Please tally the lines in the data below that include the string "back", and reply with only the total.

Top of Information provided

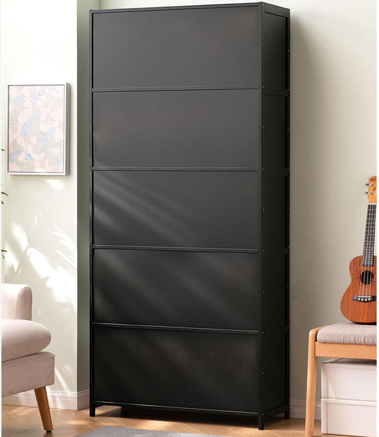
Figure 2.3: Rear view of the shoe cabinet, highlighting its fully sealed and dustproof design. The back panel, side panels, and laminates are made of composite materials for protection.

The back panel, side panels and laminates are all made of composite panels, which are dust-proof and drop-proof
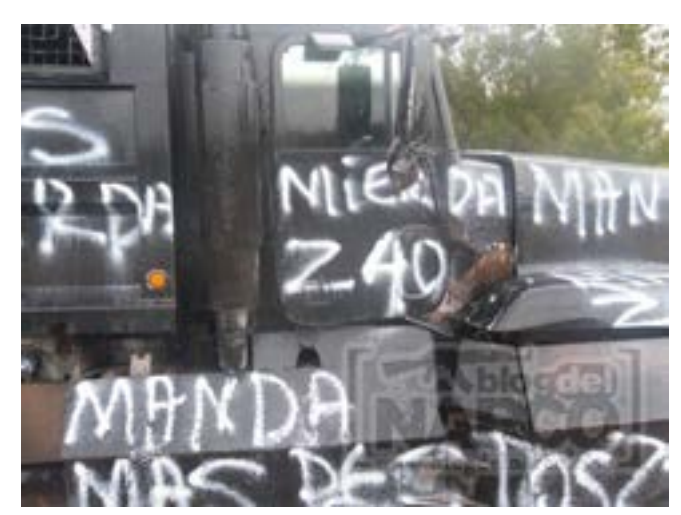
http://www.blogdelnarco.com/2010/07/es- \dots de\_04.html \\ Link is dead.

Bottom of Information provided

Written reply:
2